Сломя голову мы понеслись по безлюдным улицам в сторону аэропорта Шенефельд. Миновав Альт-Глинике, когда до аэропорта оставалось около километра, мы наткнулись на небольшую группу людей, наполовину состоявшую из советских солдат. Казалось, что они собирались копать канаву на краю кладбища. На деле они копали туннель — ставший с тех пор знаменитым американский шпионский туннель. Теперь-то Волльвебер объяснил мне, что ЦРУ вместе с СИС — английской разведкой — подключилось к кабелям всех телефонных линий, идущих вдоль шоссе на юг ГДР. При этом, несомненно, особое внимание уделялось кабельному каналу, проложенному к советской штаб-квартире в Вюнсдорфе.

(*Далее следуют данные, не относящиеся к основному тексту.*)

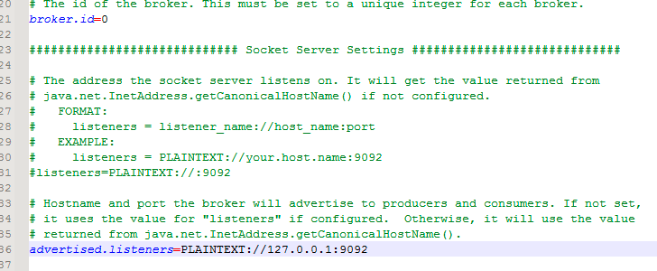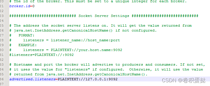 1.取消 **advertised.listeners** 注释,修改kafka地址与端口。如果要集群部署,broker.id不能重复,1号机是0,2号机是1这样的。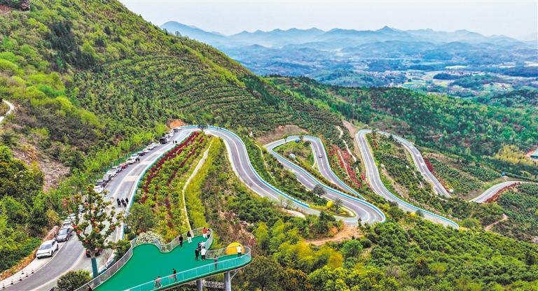 ▼4月4日,游客在安徽合肥市庐江县矾山镇农村公路“六道拐”路段观光。巢志斌摄(中经视觉)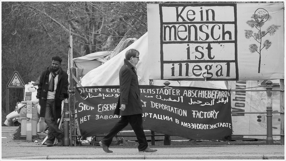 Eigentlich soll der Platz ja geräumt werden, nur traut sich politisch – noch dazu kurz vor dem 1. Mai – das keiner zu. Der Bezirk schiebt die Zuständigkeit auf den Senat und der schiebt sie wieder zurück ins Bezirksamt. Solange bleibt alles so wie es ist. Politisch gesehen geht es den „Bewohnern“ um die Abschaffung der Residenzpflicht, das Verbot von Abschiebungen, Abschaffung der Flüchtlingsheime, Recht auf freie Wahl des Wohnortes, Recht auf Arbeit und das Recht auf Bildung. Alles Forderungen die auf der bundespolitischen Ebene entschieden werden müssten. Sozusagen ein gordischer Knoten.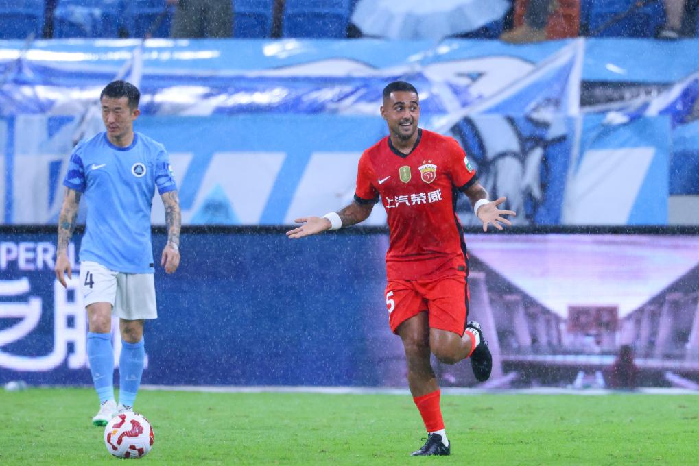 6月30日,上海海港隊(duì)球員萊昂納多(右)在比賽中慶祝進(jìn)球。新華社發(fā)(彭志剛 攝)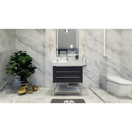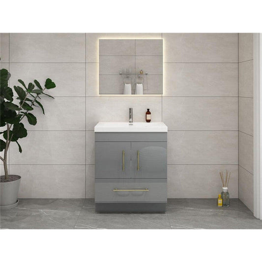 Moreno Bath ELSA 30" High Gloss Gray Freestanding Vanity With Single Reinforced White Acrylic Sink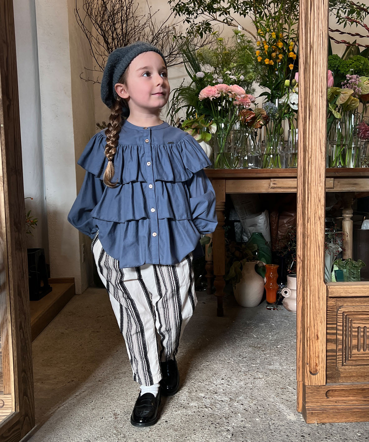 薄手で軽く、ソフトな風合いの着心地よい素材に仕上げました。ギャザーをふんだんに取った3段のティアードブラウスです。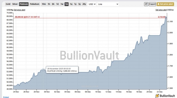 根据BullionVault周一发布的数据,金银价格的年度涨幅为46年来之最。截至年底仅剩几个交易日,黄金年内涨幅已接近70%,白银更是飙升近140%。

Тем временем работавшие разрезали часть туннельных труб и открыли тяжелую металлическую дверь, которая вела в расположенную под улицей просторную камеру усилителя. После проверки наличия мин и взрывных зарядов в почве мы получили разрешение осмотреть устройство. В камере усилителя, обставленной весьма уютно, наше внимание привлекло настоящее чудо техники. Все кабели — а их насчитывалось несколько сотен — были отделены друг от друга, соединялись с усилителями, а затем вели в здание, находившееся примерно в 500 метрах от границы. Оно было построено специально для подведения кабеля и замаскировано под метеостанцию. По туннелю мы ощупью добрались до той подземной точки, где американский шутник установил за мотком колючей проволоки маленький картонный щит с надписью: “Здесь начинается американский сектор”.

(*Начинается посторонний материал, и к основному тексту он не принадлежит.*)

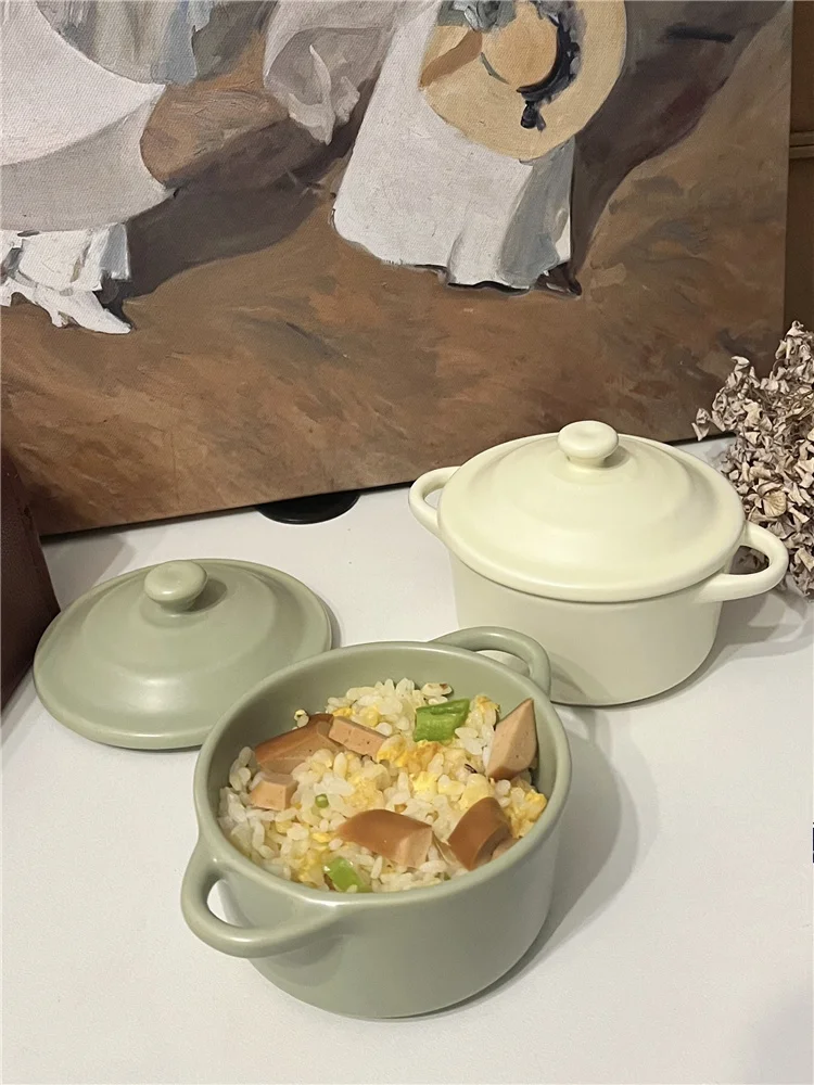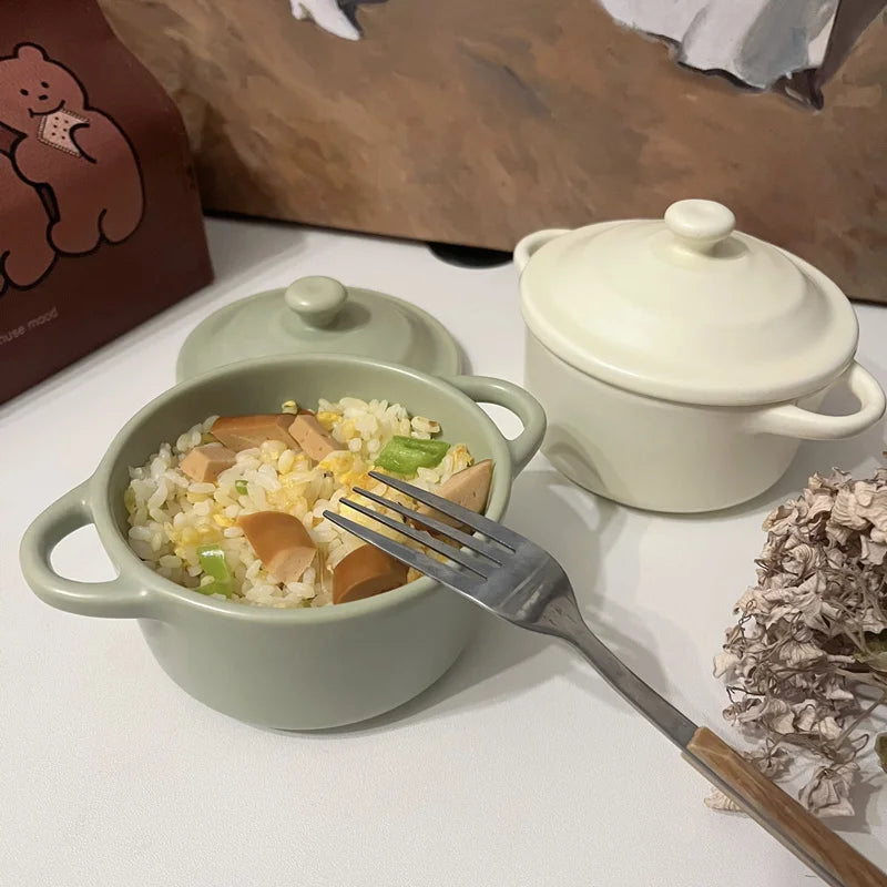 This is a versatile 220ml ceramic small bowl, designed for microwave, air fryer, and oven use, featuring a chic covered double ear design.

Много лет спустя Джордж Блейк, знаменитый тайный агент КГБ в британской спецслужбе, рассказал мне о причинах строительства туннеля. Тогда Блейк служил в Западном Берлине, и благодаря ему советская разведка с самого начала была в курсе предприятия. По отношению к нам КГБ, как всегда, проявлял величайшую сдержанность. Министерству госбезопасности лишь как-то раз дали понять, что было бы кстати взять под наблюдение строительство непонятного объекта поблизости от аэропорта Шенефельд. Результатом этого наблюдения и было то, что произошло ранним утром в апреле 1956 года.
После своего сенсационного побега из английской тюрьмы, куда он попал в результате разоблачения и последовавшего затем осуждения, Джордж Блейк не раз приезжал в ГДР. Здесь он встречался со своей престарелой матерью, которая жила в Голландии. Мы несколько раз виделись с ним и подружились. Захватывающей была история жизни Блейка, которую он рассказывал, — о том, как он, сын богатого банкира из Каира и голландской аристократки, стал офицером английского военно-морского флота и сотрудником секретной службы, как он оказался в конфликте с собственной совестью, когда союзники по второй мировой войне начали превращаться во врагов СССР, и поэтому, попав в плен в 1950 году во время войны в Корее, начал по собственной инициативе искать контакты с КГБ.
Подобно Блейку, и Ким Филби, самый знаменитый советский разведчик в британских. спецслужбах, после своего разоблачения и бегства из Англии жил в Москве. Разведчиков, женатых на русских женщинах, связывала дружба. Филби стал для меня вторым после Блейка англичанином, который по убеждению работал против своей родины, в пользу Советского Союза, потому что верил: в этой стране начинается созидание нового, лучшего мира.
Как Блейк, так и Филби не могли закрыть глаза на советскую действительность, и их взгляд на обетованную страну становился с годами все более трезвым. В разговорах со мной они часто обменивались критическими замечаниями, но сохраняли веру в возможность изменения советской системы. Для меня оба они были крупными и трагическими фигурами разведки.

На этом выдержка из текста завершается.